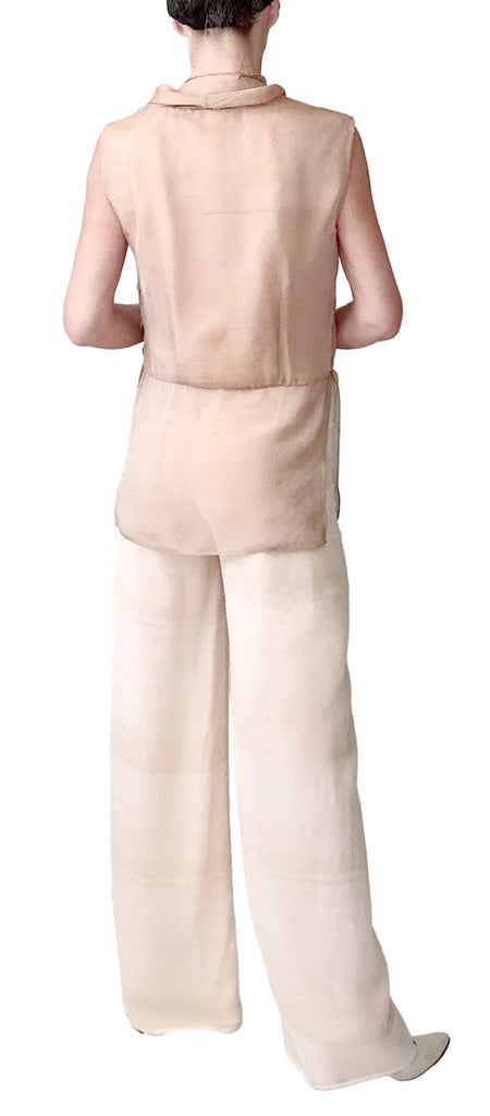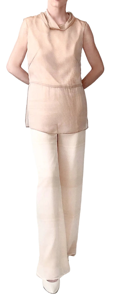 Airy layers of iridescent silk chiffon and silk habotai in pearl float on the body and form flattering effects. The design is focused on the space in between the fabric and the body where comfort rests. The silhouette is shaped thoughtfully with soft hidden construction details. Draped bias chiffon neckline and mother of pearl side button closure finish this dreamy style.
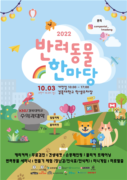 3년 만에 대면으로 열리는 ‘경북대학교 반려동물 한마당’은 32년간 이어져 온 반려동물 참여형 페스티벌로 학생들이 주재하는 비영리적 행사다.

========

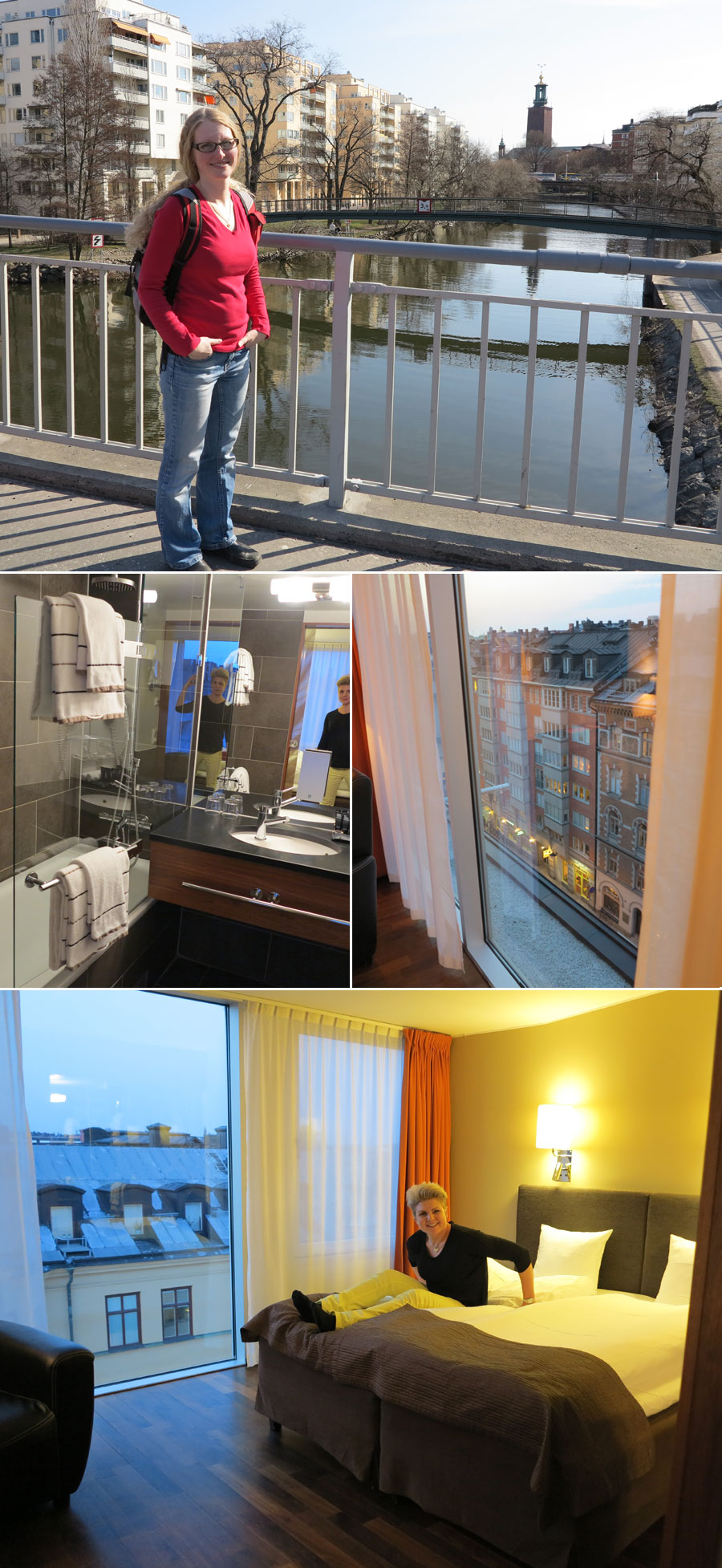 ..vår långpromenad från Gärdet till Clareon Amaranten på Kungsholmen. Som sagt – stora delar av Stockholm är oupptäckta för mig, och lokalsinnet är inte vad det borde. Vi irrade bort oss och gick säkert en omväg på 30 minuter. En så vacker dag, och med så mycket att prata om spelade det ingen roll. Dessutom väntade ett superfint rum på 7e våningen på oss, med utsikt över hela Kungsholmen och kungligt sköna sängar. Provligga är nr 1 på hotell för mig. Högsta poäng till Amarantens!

========

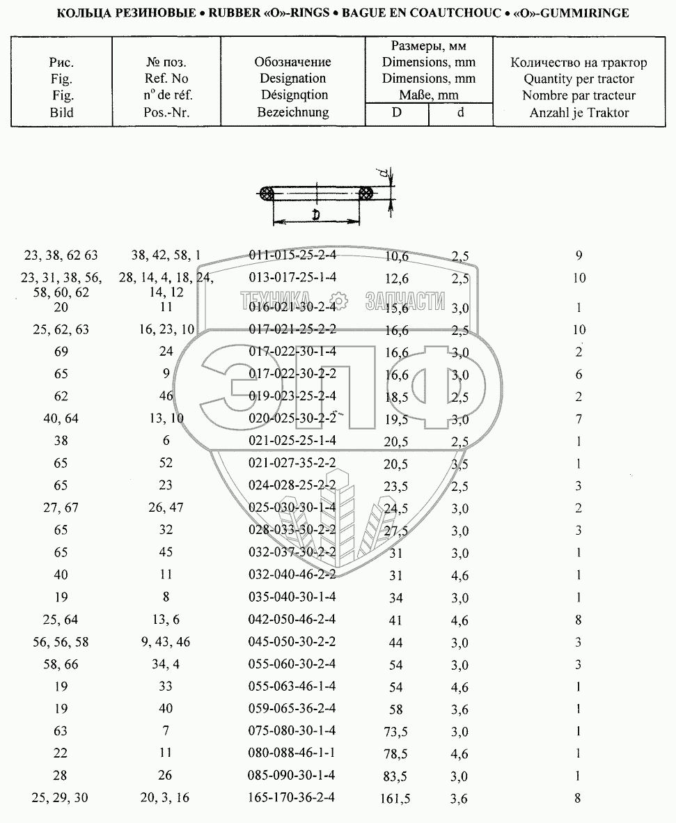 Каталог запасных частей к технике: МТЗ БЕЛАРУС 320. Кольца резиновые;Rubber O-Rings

========

> Your objective
Write back word for word every line in the entries above from the one with "Airy layers of" to the one with "3년 만에 대면으로 열리는", ends included, and none of the pictures.

> Task answer
 Airy layers of iridescent silk chiffon and silk habotai in pearl float on the body and form flattering effects. The design is focused on the space in between the fabric and the body where comfort rests. The silhouette is shaped thoughtfully with soft hidden construction details. Draped bias chiffon neckline and mother of pearl side button closure finish this dreamy style.
 3년 만에 대면으로 열리는 ‘경북대학교 반려동물 한마당’은 32년간 이어져 온 반려동물 참여형 페스티벌로 학생들이 주재하는 비영리적 행사다.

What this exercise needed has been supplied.